┌──

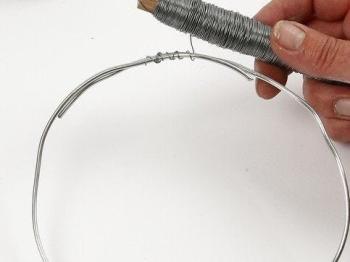 Iz aluminijaste žice izdelajte osnovo za venček. Osnovo lahko izdelate tudi iz kovinskega obroča.
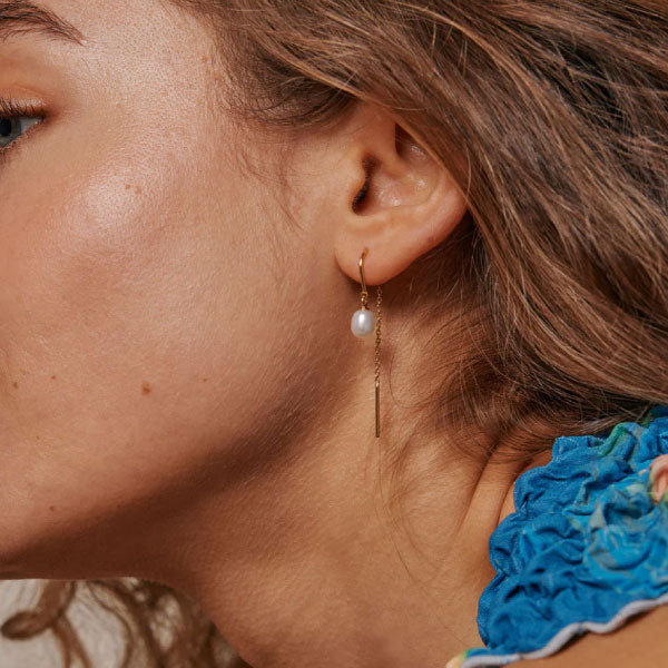 The Eleanor Pearl earrings are in a class of their own with an elegant freshwater pearl. The earrings are the perfect mixture between sophisticated, classic, and playful.
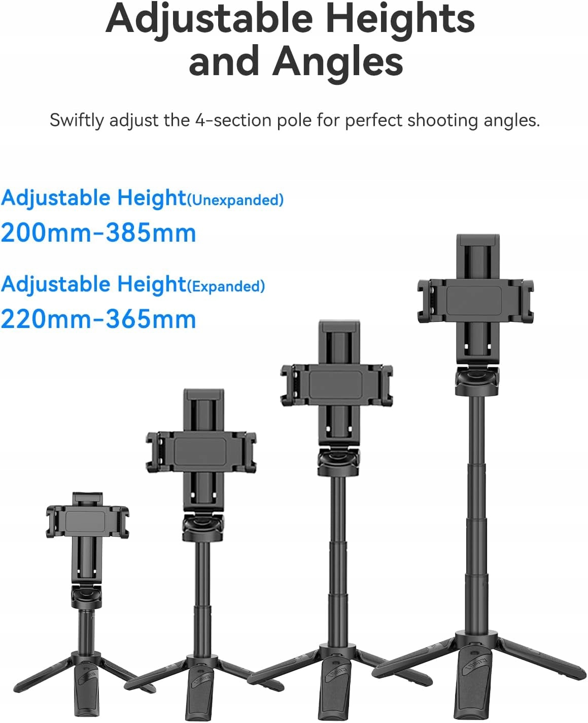 Діапазон подовження від 200 мм до 385 мм — ідеально підходить для селфі, відеоблогів і групових фото.
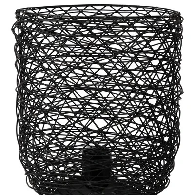 This iron table lamp features a striking basket weave design, adding a touch of charm to any room. The black finish complements both modern and traditional decor, making it a versatile addition to your home. With its intricate detailing and sturdy construction, this lamp not only provides warm, ambient light but also serves as a sophisticated decorative piece. Perfect for side tables, nightstands, or desks, it brings a unique blend of style and function to your living space.Product Features:Base: E26 bulb baseLamp uses (1) 60 watt bulbs (not included)2-way button switchWire color: BlackCord length: 7.5’UL-certified for indoor use120 volts, 60 hertz, 7 wattsDimensions: 14.5″ high x 8.5” diameterMaterial(s): iron
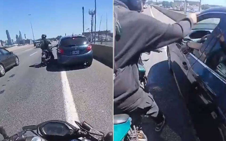 En un momento, la motocicleta logra ingresar a los carriles y se coloca del lado del conductor del auto, donde comienza una discusión que eleva el tono y se puede ver al motociclista golpear al automovilista.
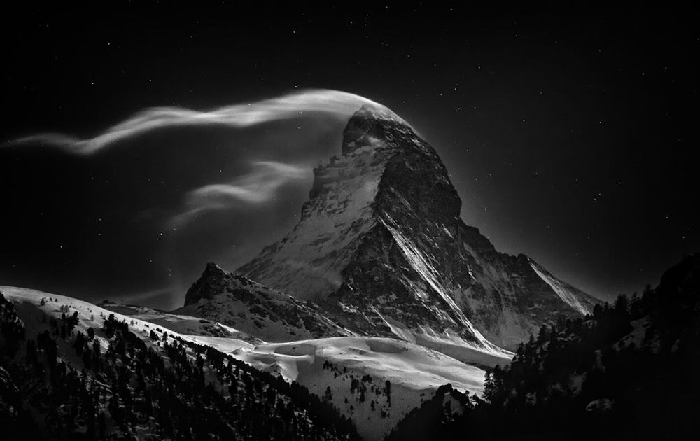 地方类第一名:满月之夜,海拔4478m的马特洪峰(阿尔卑斯山峰之一,位于瑞士与意大利之间的边境)。摄影:Nenad Saljic4/15
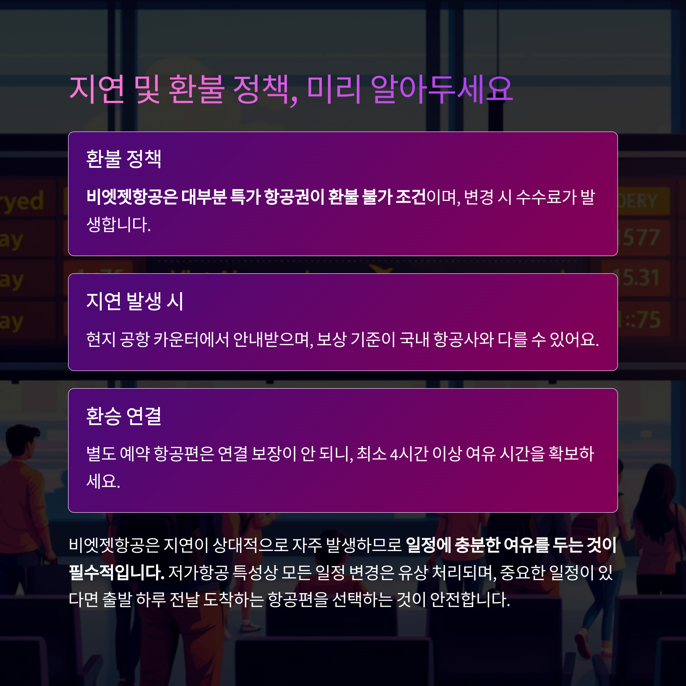 | 환승 연결 | 보장 안 됨, 별도 항공권은 여유 시간 확보 필요 |
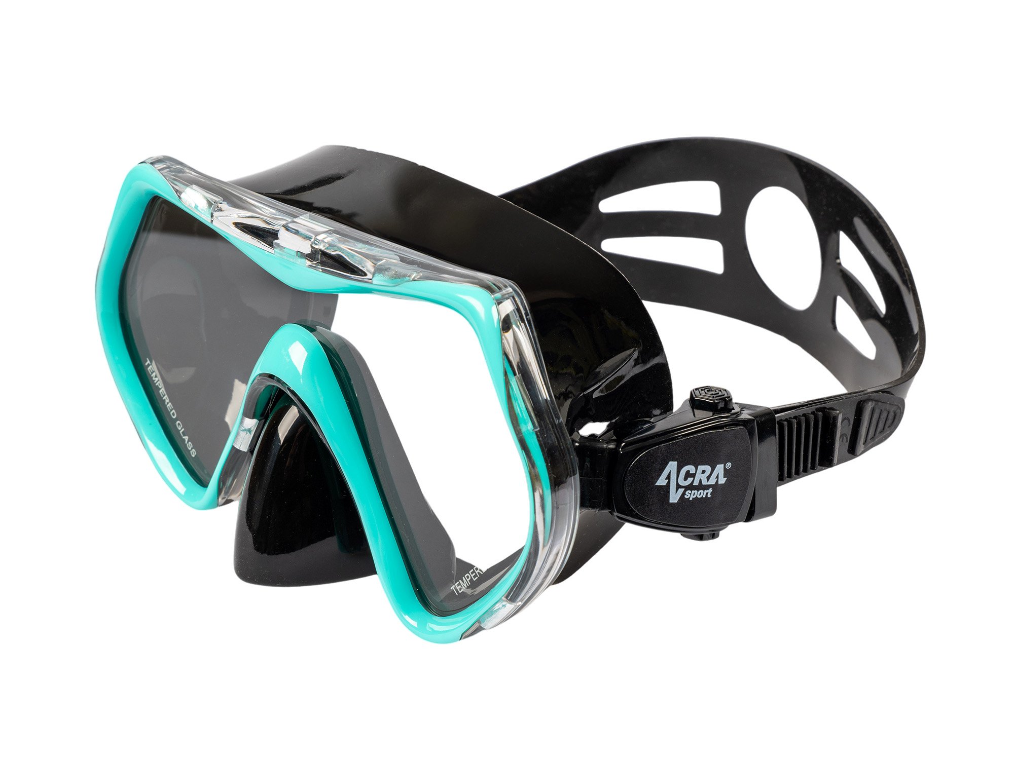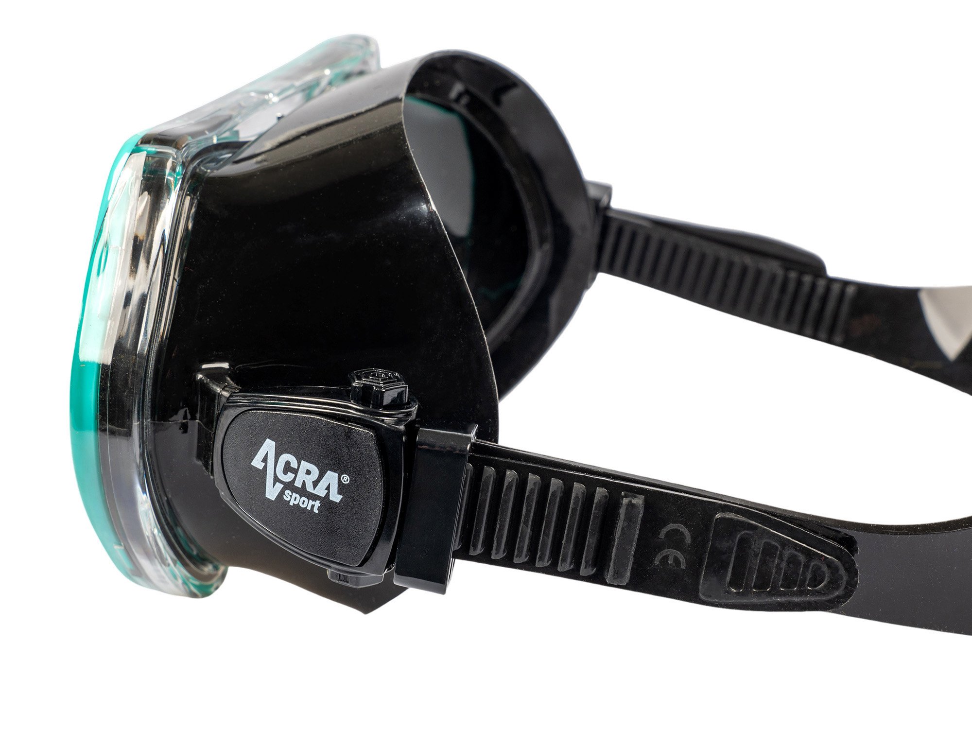 Snorkel Snorkel Mask with Panoramic View: 180° HD Panoramic View. Constructed of four panoramic view windows with a tempered glass visor and hypoallergenic silicone liner, the Acra Sport snorkel mask withstands underwater pressure while diving and snorkeling and offers maximum comfort. The snorkel mask's hem is made of soft and flexible silicone, and the food-grade silicone mouthpiece is secure, creating a watertight seal with each driver's face and attaching perfectly to the mouth with no particular odor.

└──

Reproduce the material above verbatim; omit every picture.

RESULT FOR THIS EXERCISE:
 Iz aluminijaste žice izdelajte osnovo za venček. Osnovo lahko izdelate tudi iz kovinskega obroča.
 The Eleanor Pearl earrings are in a class of their own with an elegant freshwater pearl. The earrings are the perfect mixture between sophisticated, classic, and playful.
 Діапазон подовження від 200 мм до 385 мм — ідеально підходить для селфі, відеоблогів і групових фото.
 This iron table lamp features a striking basket weave design, adding a touch of charm to any room. The black finish complements both modern and traditional decor, making it a versatile addition to your home. With its intricate detailing and sturdy construction, this lamp not only provides warm, ambient light but also serves as a sophisticated decorative piece. Perfect for side tables, nightstands, or desks, it brings a unique blend of style and function to your living space.Product Features:Base: E26 bulb baseLamp uses (1) 60 watt bulbs (not included)2-way button switchWire color: BlackCord length: 7.5’UL-certified for indoor use120 volts, 60 hertz, 7 wattsDimensions: 14.5″ high x 8.5” diameterMaterial(s): iron
 En un momento, la motocicleta logra ingresar a los carriles y se coloca del lado del conductor del auto, donde comienza una discusión que eleva el tono y se puede ver al motociclista golpear al automovilista.
 地方类第一名:满月之夜,海拔4478m的马特洪峰(阿尔卑斯山峰之一,位于瑞士与意大利之间的边境)。摄影:Nenad Saljic4/15
 | 환승 연결 | 보장 안 됨, 별도 항공권은 여유 시간 확보 필요 |
 Snorkel Snorkel Mask with Panoramic View: 180° HD Panoramic View. Constructed of four panoramic view windows with a tempered glass visor and hypoallergenic silicone liner, the Acra Sport snorkel mask withstands underwater pressure while diving and snorkeling and offers maximum comfort. The snorkel mask's hem is made of soft and flexible silicone, and the food-grade silicone mouthpiece is secure, creating a watertight seal with each driver's face and attaching perfectly to the mouth with no particular odor.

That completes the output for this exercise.